The output should match, line for line, the records from the line containing "6款彩色夏季鸡尾酒矢量素材" through the line containing "Rustikales Chic Dusty", with every picture left out.

--- Provided data Enclosed Below ---

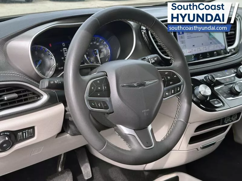 Our Pacifica's trim level is Touring L. This Pacifica Touring L steps things up with Caprice synthetic leather upholstery, Apple CarPlay and Android Auto connectivity, USB mobile projection and an 360 camera system, along with great standard features like power sliding doors, heated and power-adjustable front seats with lumbar support and cushion tilt, 2nd row captain's chairs with 60-40 split bench 3rd row seats, a heated TechnoLeather leatherette steering wheel, adaptive cruise control, proximity keyless entry with remote engine start, and a power tailgate for rear cargo access. Additional features also include a 10.1-inch infotainment screen powered by Uconnect 5, dual-zone front climate control, blind spot detection, Park Assist rear parking sensors, lane keeping assist with lane departure warning, and forward collision warning with active braking. This vehicle has been upgraded with the following features: Apple CarPlay, Android Auto, 360 Camera, Synthetic Leather Seats, Heated Seats, Heated Steering Wheel, Power Liftgate.
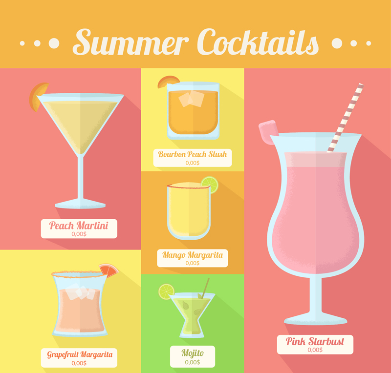 6款彩色夏季鸡尾酒矢量素材
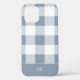 Rustikales Chic Dusty Blue und White Buffalo Kariertes Muster, monogramm iPhone Gehäuse.
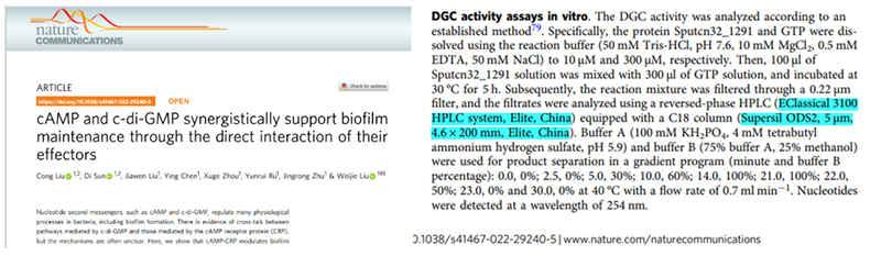 英國(guó)大綜合類期刊Nature Communications,創(chuàng)刊于2010年,是首個(gè)冠名“Nature”品牌的純開(kāi)放獲取刊物,由英國(guó)Nature Publishing Group出版社出版發(fā)行。Nature Communications致力于發(fā)表生物、醫(yī)學(xué)、健康、物理、化學(xué)和地球科學(xué)等各領(lǐng)域的高質(zhì)量研究。據(jù)統(tǒng)計(jì)2022年該雜志的影響因子為14.91。該期刊在13期1493(2022)發(fā)表一篇《cAMP and c-di-GMP synergistically support biofilm maintenance through the direct interaction of their effectors》文章。該文章提供了在細(xì)菌中cAMP和c-di-GMP通路之間通過(guò)效應(yīng)物直接相互作用的證據(jù),并表明cAMP-CRP可以在翻譯后發(fā)揮調(diào)節(jié)作用。其中DGC體外活性測(cè)定中核苷酸檢測(cè)分析使用的就是依利特的EClassical系列液相色譜儀以及依利特Supersil系列色譜柱。
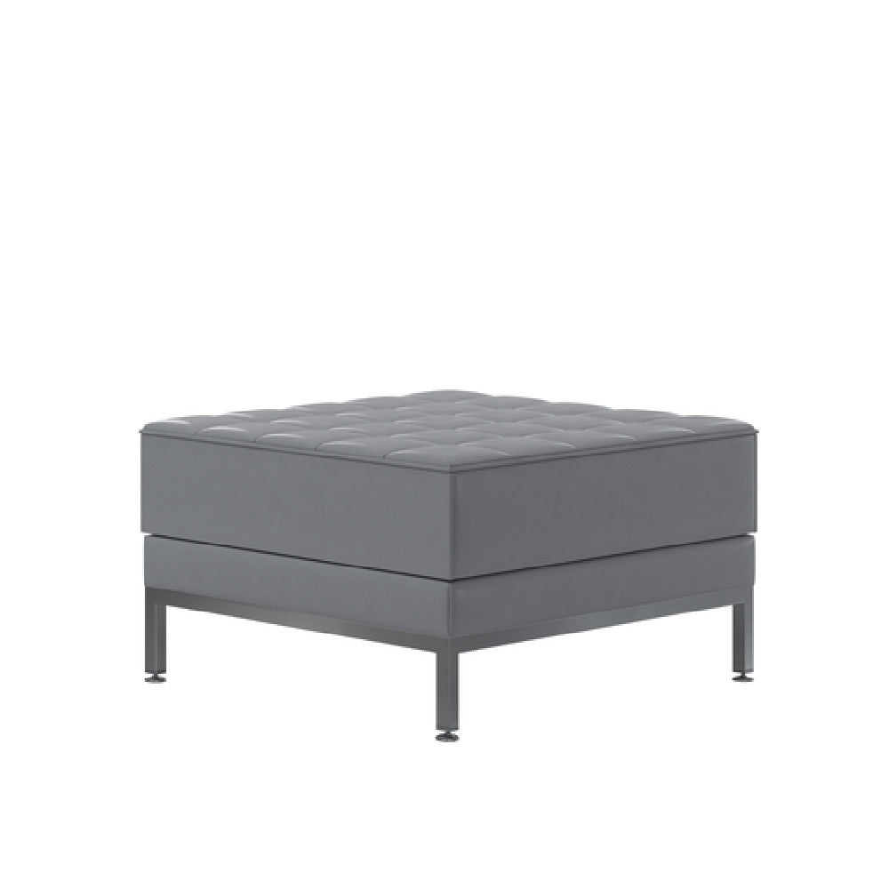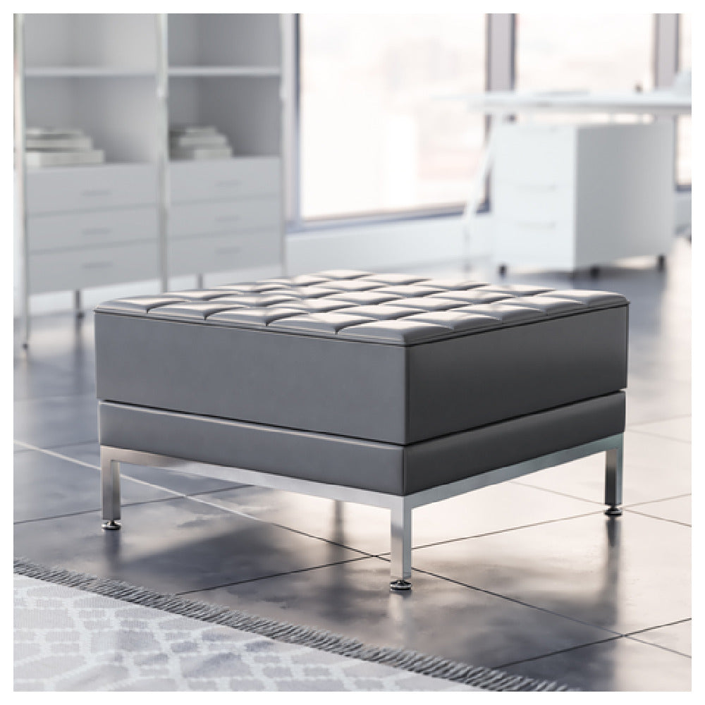 The Flash Furniture ZB-IMAG-OTTOMAN-GY-GG Hercules Imagination Series Ottoman 28"W X 28"D X 17"H is a versatile piece designed for both residential and commercial spaces, aligning with contemporary decor needs. This modular ottoman features a LeatherSoft upholstery that combines leather and polyurethane for added softness and durability, making it an ideal choice for high-traffic areas. Its tufted upholstery adds a touch of elegance while maintaining a functional design. The ottoman is equipped with CA117 fire retardant foam, offering an added layer of safety, essential for environments like hotels, lobbies, or office lounges. Integrated stainless steel legs provide sturdy support, ensuring longevity and stability. This piece, available in an appealing gray color, requires assembly but promises a quick setup. It often ships within 24 hours when in stock, catering to urgent furnishing needs. The Flash Furniture ottoman is a practical solution for diverse market segments, including corporate offices seeking stylish yet functional furniture, hospitality industries requiring durable and safe options, and homeowners desiring modern aesthetics combined with comfort. Its dimensions and features cater to a broad spectrum of uses, making it a valuable addition to any setting.
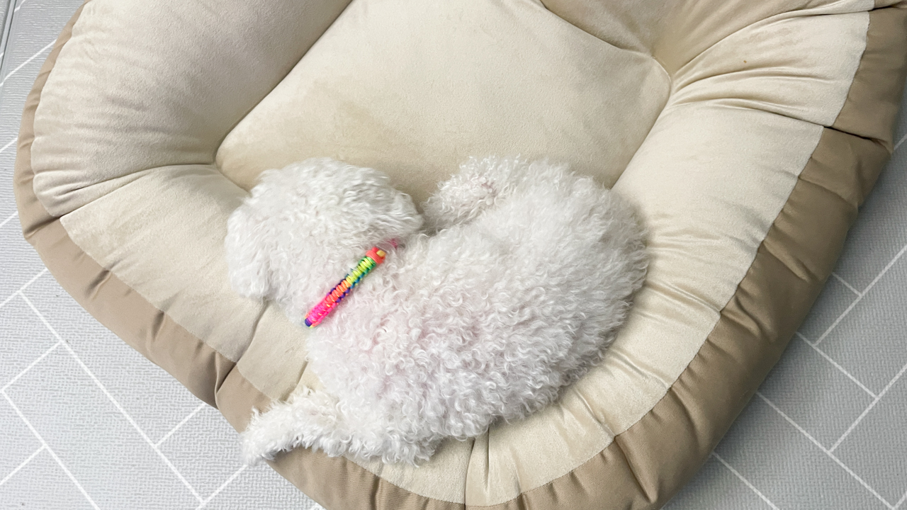 3.2kg 개토토는 이 푹신함이 익숙한지 쿠션만 들어가면 자려고.. 🙄🤣🤣🤣🤣
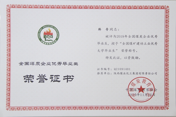 2014年7月,從河南理工大學(xué)采礦工程專業(yè)畢業(yè)的韓奇懷著青春夢(mèng)想,走進(jìn)了陳家山煤礦。面對(duì)當(dāng)時(shí)生活居住條件艱苦,技術(shù)人員困乏的陳家山煤礦,他沒有退縮,而是履行一名煤礦大學(xué)生、黨員干部的責(zé)任與擔(dān)當(dāng)。他堅(jiān)持“在工作中學(xué)習(xí)、學(xué)習(xí)中工作”,利用業(yè)余時(shí)間學(xué)習(xí)相關(guān)專業(yè)技術(shù),不斷充實(shí)自我,先后取得了國家注冊(cè)安全工程師、礦業(yè)工程二級(jí)建造師、建筑施工三類人員B證,煤炭建設(shè)工程初級(jí)造價(jià)員等職業(yè)資格證。在施工中勤于思考,積極總結(jié)施工經(jīng)驗(yàn),在《工程技術(shù)》上發(fā)表了《復(fù)雜條件下大斷面煤巷高強(qiáng)度復(fù)合支護(hù)優(yōu)化及應(yīng)用》、《軟巖巷道高強(qiáng)度復(fù)合支護(hù)優(yōu)化及應(yīng)用》等兩篇實(shí)用性論文,同時(shí)在《工業(yè)A》上發(fā)表了《陳家山煤礦419回順掘進(jìn)工作面水害防治經(jīng)驗(yàn)討論》一文。在他參加工作僅僅6年中,先后獨(dú)立完成了多個(gè)采掘工作面設(shè)計(jì)和技術(shù)創(chuàng)新科研項(xiàng)目,榮獲了多項(xiàng)榮譽(yù)稱號(hào)。
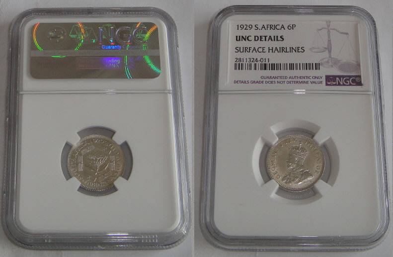 Union of South Africa: Sixpence (6d) of 1929 : NGC graded UNC details
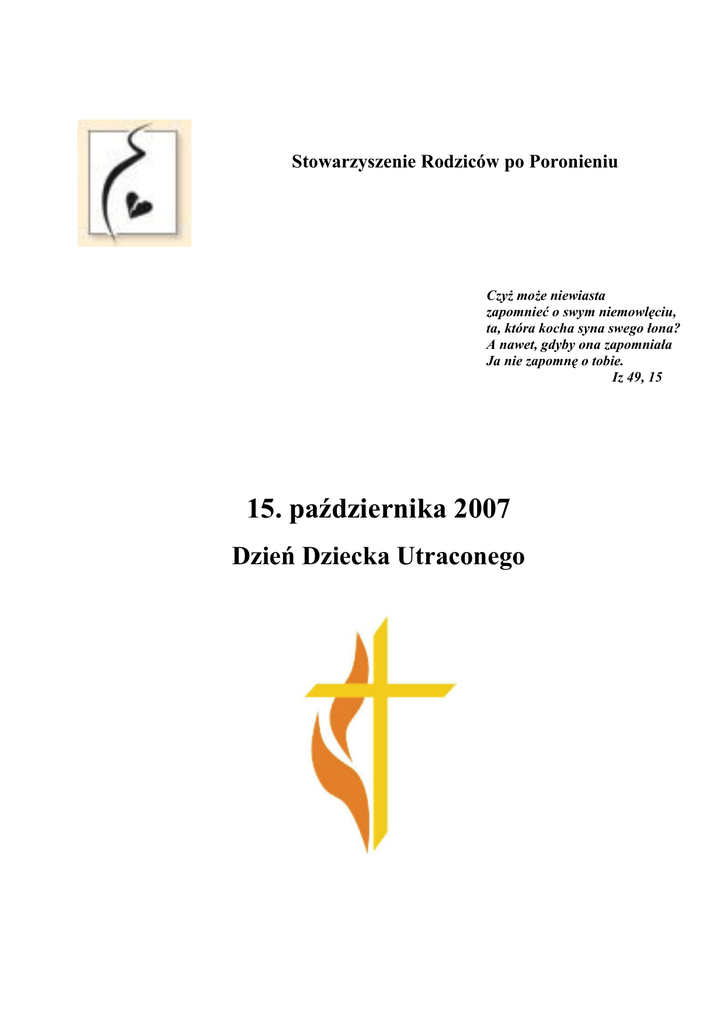 Stowarzyszenie Rodziców po Poronieniu Czyż może niewiasta zapomnieć o swym niemowlęciu, ta, która kocha syna swego łona? A nawet, gdyby ona zapomniała Ja nie zapomnę o tobie. Iz 49, 15 15. października 2007 Dzień Dziecka Utraconego Stowarzyszenie Rodziców po Poronieniu – www.poronienie.pl Spis treści 1. Wprowadzenie 2. Komentarze do czytań niedzielnych października z propozycją modlitw powszechnych 3. Modlitwy rodziców po stracie 4. Pomoc w przypadku poronienia, czyli co ksiądz o poronieniu wiedzieć powinien 5. Miejsca wsparcia dla rodziców po poronieniu 6. Wizytówki z adresem strony Stowarzyszenia Rodziców po Poronieniu (do wydrukowania) 7. Plakat informujący o mszy św. W intencji zmarłych dzieci ich rodziców (do wydrukowania) 1. Wprowadzenie Sprawa jest pozornie prosta, dzieci się ma albo nie ma. Jednak jest spora grupa rodziców, która dzieci ma i jednocześnie nie ma. Mowa o osieroconych rodzicach, tych, którym dzieci zmarły. W Polsce co roku około 2 tysiące dzieci rodzi się martwo, 40 tysięcy kobiet doświadcza poronienia, ..... dzieci nie dożywa 18. urodzin. Te liczby gdzieś giną w naszej świadomości i wciąż w nas za mało refleksji, że za każdą z tych liczb kryje się czyjaś tragedia. Towarzyszenie innym w cierpieniu nie jest łatwe... A przecież w ten sposób można okazać miłość bliźniego. "Byłem głodny... byłem spragniony..." powie każdemu z nas na końcu czasów Jezus. Tym bardziej, że wszyscy dostrzegając wartość życia człowieka od pierwszych chwil jego istnienia, zapominają o tych tysiącach ludzi, którzy odchodzą zanim się narodzą lub krótko po nim, a tym samym o ogromie cierpienia osamotnionych rodziców. Od wielu lat miesiąc październik w Stanach Zjednoczonych oraz w krajach Europy Zachodniej obchodzony jest jako miesiąc pamięci dzieci zmarłych, a 15 października obchodzony jako Dzień Dziecka Utraconego. Od kilku lat organizacje, które pomagają polskim rodzicom po stracie, starają się ten zwyczaj przenieść na grunt naszej rzeczywistości. W całej Polsce organizowane są Msze święte w intencji zmarłych dzieci i ich rodziców. Wszystkim nam potrzebna jest modlitwa, szczególnie tym, którzy cierpią. Jeśli komuś wydaje się, że nie może nic zrobić dla rodziców doświadczających śmierci dziecka, to choć to jedno można ofiarować zawsze - modlitwę. Miesiąc październik poświęcony jest Maryi - ona również stała i patrzyła, jak umiera jej Ukochane Dziecko. Niech Maryja, Matka Bolesna, uczy nas jak wspierać innych w cierpieniu. Stowarzyszenie Rodziców po Poronieniu także i w tym roku przygotowało rozważania do czytań na niedziele października. Mamy nadzieję, że to wspólne pochylenie się nad tekstami biblijnymi przyniesie błogosławione owoce. Do każdej niedzieli zostały ułożone także wezwania modlitwy powszechnej. Do rozważań dołączone zostały także propozycje modlitw za dzieci zmarłe przed narodzeniem, które można wykorzystać w pracy duszpasterskiej. Umieściliśmy też tekst przygotowany z myślą o księżach, w którym w skrócie opisane zostały różne pojawiające się problemy po stracie dziecka w trakcie ciąży. Informujemy także o możliwościach udzielenia osieroconym rodzicom wsparcia. 2 Stowarzyszenie Rodziców po Poronieniu – www.poronienie.pl 2. Komentarze powszechnych do czytań niedzielnych października z propozycją modlitw 7. października 2007, 27. niedziela w ciągu roku, cykl czytań niedzielnych C, I: Ha 1,2-3; 2,2-4 Ps: 95(94) Ref: Słysząc głos Pana, serc nie zatwardzajcie. II: 2 Tm 1,6-8.13-14 Akl: 1. P 1, 25 Słowo Pana trwa na wieki, to słowo ogłoszono wam jako Dobrą Nowinę. Ew: Łk 17, 5-10 Rozważanie "Krzywda mi się dzieje", a Ty nie pomagasz? Chyba każdy z nas potrafi znaleźć takie wydarzenia w swoim życiu, które utożsamiałyby się ze skargą autora pierwszego czytania. "Krzywda mi się dzieje..." Te słowa stawiają nas również wobec problemu cierpienia w naszym życiu, szczególnie tego niezawinionego. Czy nie za często tłumaczymy sobie jego obecność działaniem Boga? "Bóg tak chciał, Bogu nie zadaje się pytań dlaczego..." Brak skargi czy pytań ma być przejawem wiary, ale czy tak jest rzeczywiście? Autor natchniony widząc krzywdę idzie do Boga i czyni Mu wyrzuty, rozmawia z Nim, bo ten Bóg jest dla niego Kimś bliskim, na kogo może liczyć, czyjej pomocy może się spodziewać. Idzie do Boga, bo wiemy, że Jemu zależy na nim, pokrzywdzonym przez innych. O cierpieniu myślimy często jako próbie wiary, ale nierozsądne byłoby patrzenie na Boga, jako Tego, który chce naszego cierpienia, chce nas sprawdzić, czy dokręcić przysłowiową śrubę. Jednym z trudniejszych wydarzeń w naszym życiu jest śmierć kogoś bliskiego. Inaczej jest, gdy odchodzi ktoś starszy po spełnionym życiu, inaczej, gdy młody człowiek ginie w wypadku samochodowym, inaczej jeszcze gdy rodzic staje wobec śmierci dziecka. Ten miesiąc , który niedawno się rozpoczął, poświęcony jest pamięci zmarłych dzieci. Choć nieobecne - są z nami nieustannie... Dla wielu osób śmierć dziecka jest takim doświadczeniem, że ich wiara tego nie wytrzymuje. A jak jest z nami, którzy nie doświadczyli śmierci dziecka? Czy to nie jest tak, że odczuwamy ulgę, że to nie nas spotkało nieszczęście? W jakimś sensie nie zrozumiemy do końca, co się dzieje się w sercu rodzica. Dlatego też wraca pytanie, czy możemy jakoś pomóc? znaleźć słowa pociechy tam, gdzie ich nie ma? Wyśpiewany kilka minut temu psalm daje nam podpowiedź, co my możemy zrobić dla tych, którzy doświadczają wielkiego cierpienia: słysząc głos Pana, serc nie zatwardzajcie. Jak trudno czasami nie zatwardzić serca... Niech te słowa będą wezwaniem do modlitwy, abyśmy wobec krzywdy, naszej czy cudzej, nie zatwardzili serc, aby ci, którzy cierpią nie zatwardzili serc. Szczególnie za tych się módlmy, którzy przygię

--- End of Enclosed Provided data ---

• **Written answer**:
 6款彩色夏季鸡尾酒矢量素材
 Rustikales Chic Dusty Blue und White Buffalo Kariertes Muster, monogramm iPhone Gehäuse.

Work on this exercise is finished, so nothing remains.